「初めて「僕の映画」と思える作品に出会った」6才のボクが、大人になるまで。 エミール・ゾラさんの映画レビュー(感想・評価)
初めて「僕の映画」と思える作品に出会った
映画を観る前は、もっと深い、ズシリとくる感動が待ってるんだろう、と密かに期待していた。しかし、いざ映画を観てみれば起承転結の起も承も転も結もないような映画で、なんだこれはと衝撃を受けた。もちろん、悪い意味ではない。
そこにあったのは、起承転結に溢れた「映画的」人生ではなく、実際に12年の歳月を経て描かれたあまりにもリアルな、生々しい人生。あまりにも淡々と、静かに時間が過ぎていく。だからこそ、彼ら4人の家族は本物だった。

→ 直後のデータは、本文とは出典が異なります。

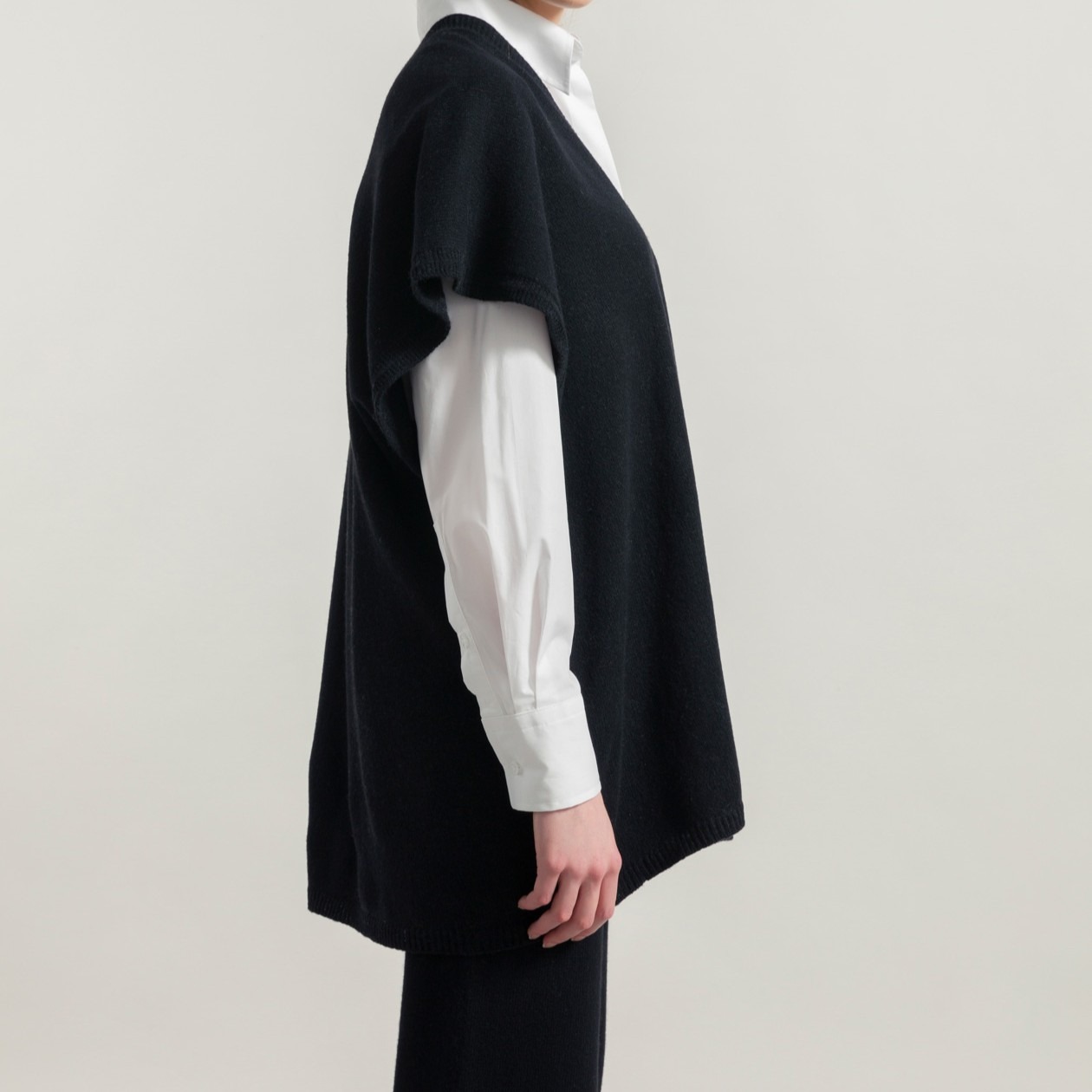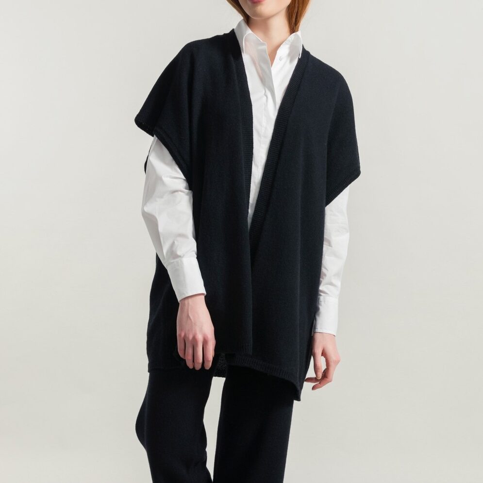 Un cardigan comodo, a casacca, in cashmere rigenerato

そしてなにより僕が感銘を受けたのが、映画の中の主人公が自分と「同世代」ということ。冒頭の彼は6才、時代としては9.11から間もない2002年。そして12年後の2014年、彼は大学生になる。自分とまったく一緒。しかし彼と僕の人生は似ても似つかない。親の離婚もないし、居を転々とし、友達との出会いと別れを繰り返してきたわけではない。しかし、彼が自分とまったくの同い年なんだという事実だけで、僕はどうしようもなく彼に仲間意識を抱いてしまった。彼が過ごした12年と、僕が過ごした12年、どちらも同じだけのかけがえのない時間が詰まっているんだと、そう感じた。親世代の人が観ると、我が子の成長やらを思い出すだろう。きっとそういう人は多い。同世代の僕からすればこれは自分があの時どうしてたかな、とかこんなことがあったなぁ、とか、一種の回想録のような感覚だった。間違いない、これは「僕の映画」だ、そう思えた。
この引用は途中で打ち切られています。